He told me that quite often people would say things like "ha, that guy has nothing on me because I hid the drugs under the spare tire of my car and he'll never think to look there.".

Then again, this IS Christchurch and a lot of the crims here seem to be as dumb as posts.
germanjulian said @ 11:06am GMT on 15th Jun
How is the law in the Uk and Germany?
eIfish said @ 11:27am GMT on 15th Jun
UK does not have one unified legal system.

Northern Ireland, England, and Wales have weaker provisions than the Forth Amendment (though no-one's been convicted purely on the basis of having remained silent); Scotland does have a comparable right to silence. The whole UK has a statute making it an offense not to divulge a password.
zarathustra said @ 12:08pm GMT on 15th Jun
In england, you have a right to remain silent but a negative inference can be drawn if you invoke it. That is, if you refuse to offer an excuse or explanation for your actions and then do so at trial, they can point at your earlier refusal as evidence against the credibility of your excuse.
Taleweaver said @ 9:57pm GMT on 15th Jun
Germany has the same "no self-incrimination" laws. If you're the suspect of a crime, you need not talk to the police. If you do talk to the police, everything you say can be used against you. Not talking to the police can never make your legal situation worse than it is. If you're a first-degree relative or a spouse of someone suspected of a crime, you have the same right to remain silent.

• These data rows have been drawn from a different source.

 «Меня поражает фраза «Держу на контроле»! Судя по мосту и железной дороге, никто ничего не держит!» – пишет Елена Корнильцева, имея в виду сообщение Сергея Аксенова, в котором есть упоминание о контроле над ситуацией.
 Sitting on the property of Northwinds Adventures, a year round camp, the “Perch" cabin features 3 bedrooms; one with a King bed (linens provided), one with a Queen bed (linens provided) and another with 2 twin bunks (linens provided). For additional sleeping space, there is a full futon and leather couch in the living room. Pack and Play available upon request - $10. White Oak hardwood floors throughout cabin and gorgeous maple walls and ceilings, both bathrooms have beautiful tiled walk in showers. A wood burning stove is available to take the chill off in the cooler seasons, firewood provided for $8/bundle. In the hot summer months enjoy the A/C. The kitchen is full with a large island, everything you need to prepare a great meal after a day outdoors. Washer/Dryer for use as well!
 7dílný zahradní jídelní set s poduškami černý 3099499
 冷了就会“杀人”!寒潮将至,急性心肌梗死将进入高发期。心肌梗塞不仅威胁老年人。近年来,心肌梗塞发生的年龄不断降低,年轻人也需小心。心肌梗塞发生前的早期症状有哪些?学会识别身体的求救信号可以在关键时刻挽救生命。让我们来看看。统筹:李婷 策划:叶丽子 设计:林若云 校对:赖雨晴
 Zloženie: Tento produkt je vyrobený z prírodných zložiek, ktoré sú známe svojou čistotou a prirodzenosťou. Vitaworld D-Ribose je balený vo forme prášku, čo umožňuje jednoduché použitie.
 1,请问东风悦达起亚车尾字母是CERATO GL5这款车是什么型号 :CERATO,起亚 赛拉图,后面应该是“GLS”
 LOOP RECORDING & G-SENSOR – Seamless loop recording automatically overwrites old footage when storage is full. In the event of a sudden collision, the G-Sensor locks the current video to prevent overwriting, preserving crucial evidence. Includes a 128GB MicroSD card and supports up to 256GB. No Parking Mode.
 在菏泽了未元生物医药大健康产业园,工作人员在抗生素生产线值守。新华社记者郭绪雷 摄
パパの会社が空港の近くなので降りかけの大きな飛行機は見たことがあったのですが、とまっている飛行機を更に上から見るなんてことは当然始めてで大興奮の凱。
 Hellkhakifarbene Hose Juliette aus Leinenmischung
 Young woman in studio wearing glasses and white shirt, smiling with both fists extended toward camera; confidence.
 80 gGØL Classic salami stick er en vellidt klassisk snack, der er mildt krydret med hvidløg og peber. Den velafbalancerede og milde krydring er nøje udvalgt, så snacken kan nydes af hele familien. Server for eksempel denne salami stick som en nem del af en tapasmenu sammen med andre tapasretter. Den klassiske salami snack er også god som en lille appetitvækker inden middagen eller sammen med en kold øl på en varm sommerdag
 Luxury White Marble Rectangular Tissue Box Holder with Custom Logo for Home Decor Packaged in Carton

There's one difference: If you're questioned as a witness (not as a suspect), you would normally be obliged to tell what you know truthfully. However, you may remain silent if, by witnessing against someone else, you would incriminate yourself of a DIFFERENT crime - and police may not start an investigation against you on the grounds that you refused to testify for that reasons. There must be other suspicions against you already, or the entire case would be dismissed in court later because of an error in the police investigation.
knucklehead said @ 1:03pm GMT on 15th Jun
So, do you just say I plead the fifth? Or just shut your mouth entirely like a mute.

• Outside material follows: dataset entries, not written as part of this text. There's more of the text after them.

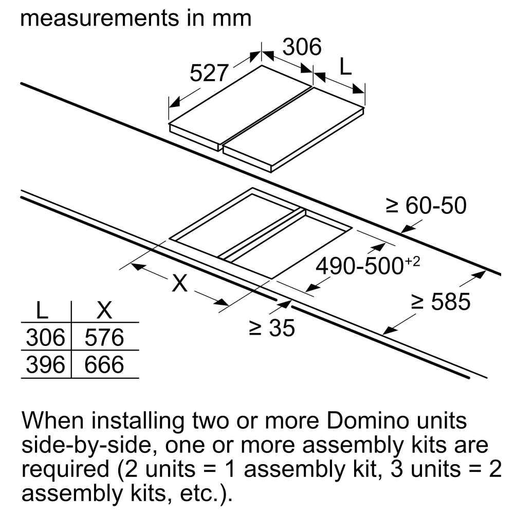 - Depth required for installation: 490 mm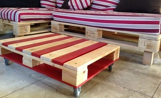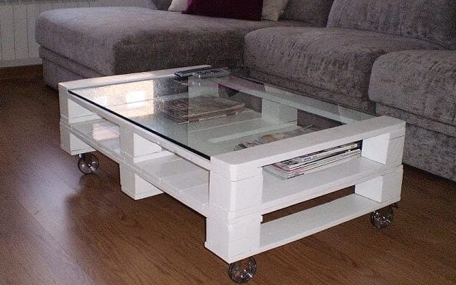 Наполнить гостиную особой энергетикой поможет практичный журнальный столик. Сделать его очень просто, достаточно разобрать и распилить один поддон под нужные размеры. После обработки всех деталей конструкцию собирают подшивая снизу толстой фанерой и крепят мебельные колесики.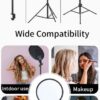 Dimmable Lighting: The ring light comes with adjustable brightness settings, allowing you to control the intensity of the light according to your preferences and shooting conditions. This feature enables you to achieve the desired lighting effect for your content creation.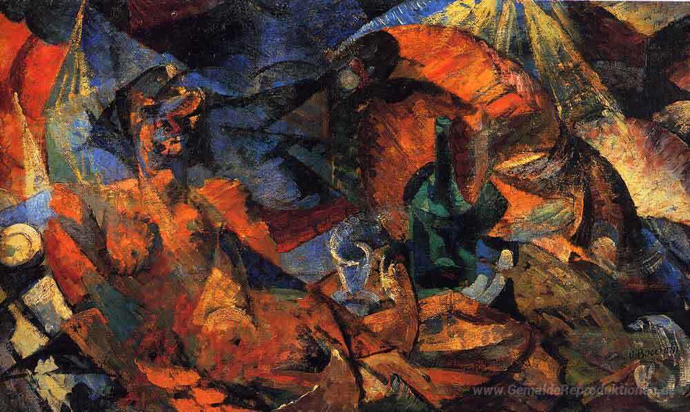 Wir bieten Ihnen eine handgefertigte Reproduktion auf Leinwand des berühmten Kunstwerks 'Nude (Komplementärmodell Form-Farbe)' von Umberto Boccioni, aus dem Reproduktionsmuseum.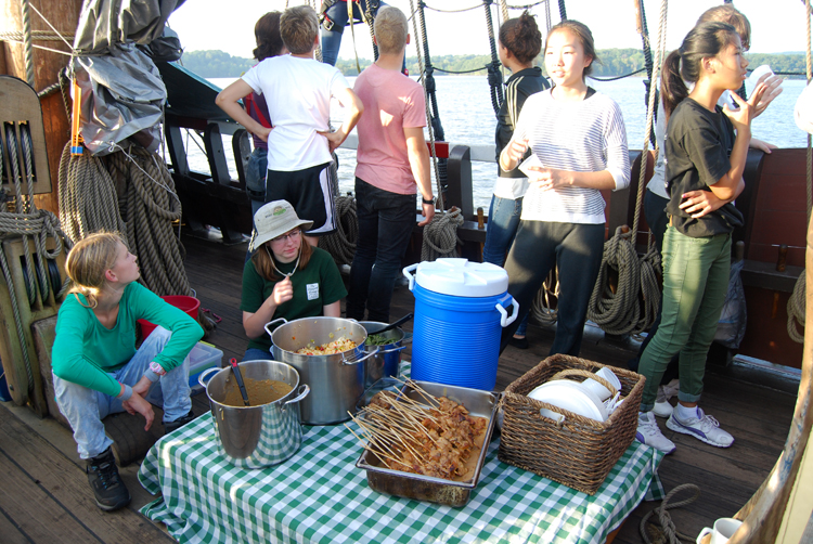 5th Entry, 1816 Hours: Tonight's traditional dinner of chicken kabobs, mixed rice and vegetables, and peanut sauce comes to us from the Spice Islands (modern Indonesia) by way of the Netherlands.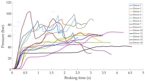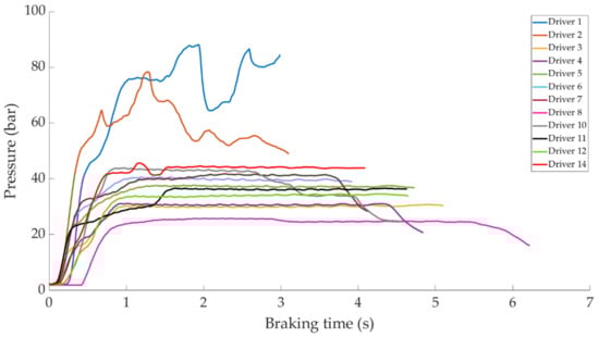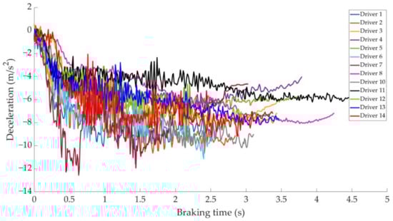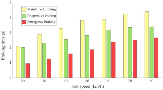 The braking time was enveloped between the time when the driver presses the brake pedal until the vehicle stops (speed is equal to 0 km/h).

I am pretty gregarious this would be pretty hard for me. Thanks for any advice.
shahmat said @ 1:43pm GMT on 15th Jun [Score:1 Informative]
They actually just had a case last year that dealt with this. The judge ruled that you must confirm that you are invoking your 5th amendment right to the police - not talking doesn't communicate your intention to... not talk.
spite48 said @ 3:45pm GMT on 15th Jun [Score:1 Informative]
Which is the opposite of in canada, where expressing that you intend to rely on your right to silence isn't effective, but simply remaining silent will work.
lilmookieesquire said @ 7:00pm GMT on 15th Jun
http://voices.washingtonpost.com/supreme-court/2010/06/supreme_court_rules_in_miranda.html

+


The Supreme Court ruled Tuesday that a criminal suspect must explicitly invoke the right to remain silent during a police interrogation, a decision that dissenting liberal justices said turns the protections of a Miranda warning “upside down.”

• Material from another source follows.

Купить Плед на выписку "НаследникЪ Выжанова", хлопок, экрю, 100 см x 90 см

The court ruled 5 to 4 that a Michigan defendant who incriminated himself in a fatal shooting after nearly three hours of questioning thus gave up his right to silence, and the statement could be used against him at trial.

“Where the prosecution shows that a Miranda warning was given and that it was understood by the accused, an accused’s uncoerced statement establishes an implied waiver of the right to remain silent,” Justice Anthony M. Kennedy wrote for the court’s conservatives.

In a separate case, the justices unanimously agreed that a former prime minister of Somalia who now lives in Fairfax County may be sued in U.S. courts by fellow countrymen who claim he oversaw killings and torture in their former home. Mohamed Ali Samantar was part of the country’s ruling government in the 1980s and early 1990s.

In the case about Miranda rights, suspect Van Chester Thompkins remained mostly silent for three hours of interrogation after reading and being told of his rights to remain silent and have an attorney. He neither acknowledged that he was willing to talk nor that he wanted questioning to stop.

But detectives persisted in what one called mostly a “monologue” until asking Thompkins whether he believed in God. When asked, “Do you pray to God to forgive you for shooting that boy down?” Thompkins looked away and answered, “Yes.”

The statement was used against him, and Thompkins was convicted of killing Samuel Morris outside a strip mall in Southfield, Mich.

The U.S. Court of Appeals for the 6th Circuit said that Thompkins’s silence for two hours and 45 minutes of the interrogation “offered a clear and unequivocal message to the officers: Thompkins did not wish to waive his rights.”

But Kennedy said it was not clear enough. “If Thompkins wanted to remain silent, he could have said nothing in response to (the detective’s) questions, or he could have unambiguously involved his Miranda rights and ended the interrogation,” wrote Kennedy, who was joined by Chief Justice John G. Roberts Jr. and Justices Antonin Scalia, Clarence Thomas and Samuel A. Alito Jr. “The fact that Thompkins made a statement about three hours after receiving a Miranda warning does not overcome the fact that he engaged in a course of conduct indicating waiver.”

Kennedy said the court’s new rule — in the case of Berghuis v. Thompkins — was an extension of the logic in a previous case that said a suspect must affirmatively assert his right to counsel.

But Justice Sonia Sotomayor, in the sharpest dissent of her young career on the court, accused the majority of casting aside judicial restraint and creating a rule that marks “a substantial retreat from the protection against compelled self-incrimination” that Miranda established more than 40 years ago.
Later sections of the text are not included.